Exxon Sets Spending At $185B Over Next 5 Years

Published March 8, 2012 5:36PM (EST)

NEW YORK (AP) — Exxon said Thursday that it will spend about $150 billion over the next five years to find more oil and natural gas to satisfy for the world's growing energy appetite.

Exxon, the world's largest publicly traded energy company, expects global energy demand to increase 30 percent by 2040, compared with 2010 levels. As demand grows, Tillerson said Exxon will plow more money into a global search for new resources. Including investments in its refining and chemicals business, Exxon's capital budget for 2012 through 2016 will total $185 billion, up 29 percent from the prior five-year period.

"Unprecedented levels of investment are needed to meet the scale of the energy challenge," CEO Rex Tillerson told analysts at the New York Stock Exchange.

Major oil companies are struggling to tap new sources of oil fast enough in an environment where big finds are rarer and costlier to exploit. Potential fields lie deep under the seabed, or in shale rock formations that require expensive technology to crack open. When companies can't find oil fast enough, they're stuck with aging fields where production is on the decline. International production agreements also reduce how much they can sell as prices rise.
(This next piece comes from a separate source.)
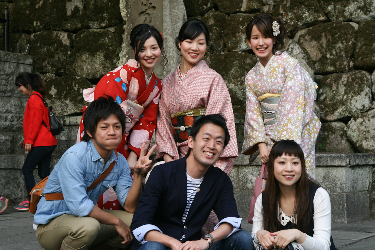 26 avril. Lever du lit encore tôt. Il faut profiter ici, quitte à se lever plus tôt et à faire une sieste une fois que les temples sont fermés (à 17h ou 18h en général). On prend donc un bus pour rejoindre le pavillon d’Argent ou Ginkakuji Temple. Superbe balade dans le parc, très zen, on l’a préféré au pavillon d’Or de la veille. On quitte le temple pour un autre, le Honen-in, situé à l’orée de la forêt. Les rayons du soleil percent à travers les branchages et vont finir leurs courses sur les tombes, c’est magique ! On continue notre route en empruntant le Chemin des Philosophes, chemin bien sympathique au bord d’un canal, qui dessert les principaux temples de cette partie de Kyoto. Le chemin est parsemé de cerisiers mais nous arrivons à peine trop tard : seuls quelques uns sont en fin de floraison. Rapide tour au temple des souris ou Otoyo Shrine qui est en rénovation. On finit la matinée au Nanzen-Ji Temple, immense temple sur plusieurs niveaux avec plusieurs bâtiments.

Exxon Mobil Corp., Chevron Corp., BP and Royal Dutch Shell all produced less crude last year than in the prior year.

Tillerson said Exxon's production could fall by another 3 percent this year, when compared with 2011. He also reduced the company's long-term expectation for average annual production growth to 2-3 percent, from a previous forecast of 4-5 percent.

Exxon has steadily increased its access to oil and gas fields during the past several years through exploration and acquisition. But its focus recently has been on developing more natural gas, which the company believes will replace coal as the second-most popular fuel in 2025. Natural gas has made up more than half of Exxon's proven reserves since 2009, and in 2010 it spent $30 billion to acquire XTO Energy and become the largest natural gas producer in the U.S.
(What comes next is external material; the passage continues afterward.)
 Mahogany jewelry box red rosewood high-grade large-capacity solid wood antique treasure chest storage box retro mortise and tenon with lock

Its natural gas bet so far hasn't paid off. Prices have plummeted this year following a production boom in North America and weak winter heating demand. Natural gas futures hit a 10-year low of $2.302 per 1,000 cubic feet on Wednesday.

Competitors such as Chesapeake Energy Corp. and ConocoPhillips have cut back on natural gas production this year in an effort to reduce a national surplus.

Exxon says it won't reduce gas production, though it will focus its future projects toward bringing more oil to market. The company said that production of crude and other liquid hydrocarbons will increase by 2 to 3 percent per year through 2016, outpacing increases in natural gas production.

Altogether, Exxon said 21 oil and gas productions will begin production by 2014, and it expects to add more than 1 million barrels per day of oil and gas by 2016.

High oil prices have supported Exxon's financial performance. Exxon's net income rose almost 35 percent in 2011.

Exxon shares fell 90 cents in morning trading Thursday, to $84.93.